At one point Lewis quotes another sabermetrician (Pete Palmer) estimating that “the average difference in baseball due to skill is about one run a game, while the average difference due to luck is about four runs a game.” If true, that sounds like luck holds a lot more sway in a given game than it does in, say, a session of poker, doesn’t it?
I’ll refer to one other interesting example of luck in baseball -- the postseason, which Lewis refers to as “a giant crapshoot” in which luck really does affect outcomes greatly and thus can “frustrate rational management because, unlike the long regular season, they [the playoffs] suffer from the sample size problem.”

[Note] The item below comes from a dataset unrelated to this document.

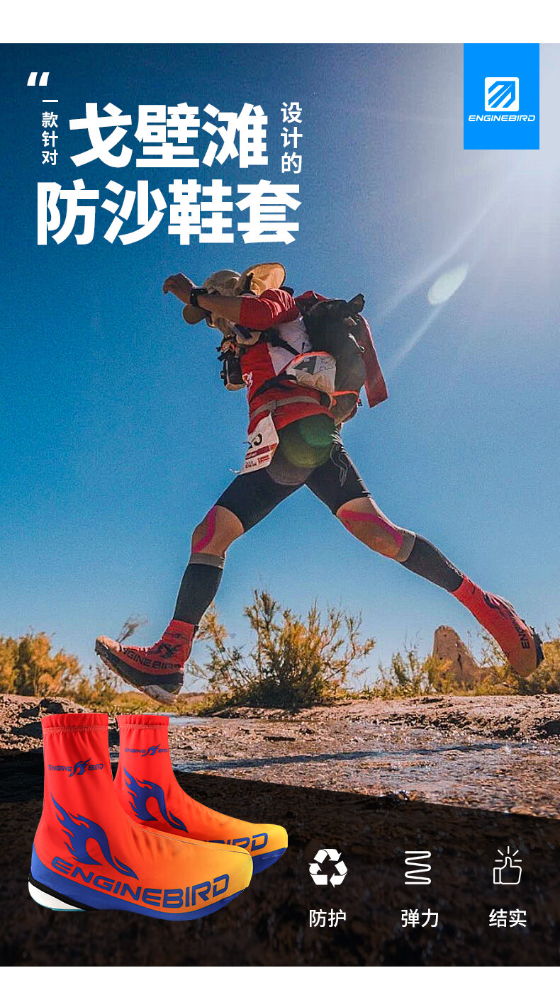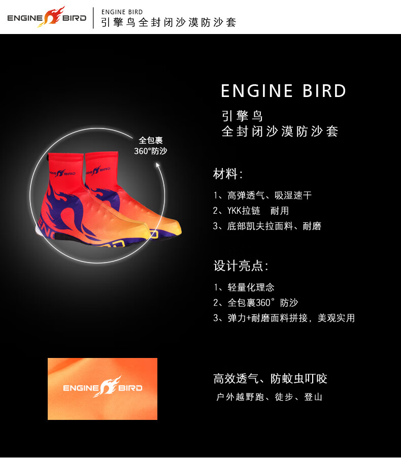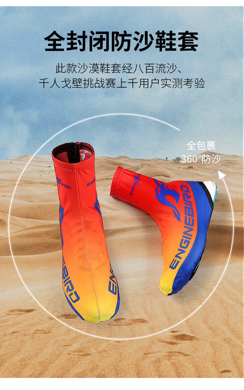 引擎鸟户外防沙鞋套凭借出色的防沙效果、全面的防护功能、舒适的穿着体验和广泛的适用性,是我户外及越野的的理想选择,无论是沙漠探险还是山地徒步,都能有效保护双脚,提升户外活动的舒适度和安全性。它携带方便,透气,耐磨,性价比高。

That characterization of the relationship between the playoffs to the regular season in baseball makes me think of final tables in poker tournaments where it sometimes happens that after hours (or days) of skill mattering more than luck, the blinds have risen to a point where luck predominates. In other words, at the most crucial moment when ultimate winners and losers are determined, the game
becomes “a crapshoot.”
There are many other gems in the book I might’ve included here, including what I consider a highly persuasive argument on behalf of the importance of studying or writing about baseball. That is to say, Lewis (along with many of those whom he talks to or quotes) does a good job justifying his object of inquiry being worthwhile, and does so in ways that remind me why poker is also “more than just a game” and thus similarly worth studying and writing about.
But I’ll stop here and let those of you who haven’t read Moneyball go check it out for yourselves. Or for those who have read it, I’ll invite you perhaps go back and check it out again with an eye toward all of the many ways the story and its characters speak to poker players.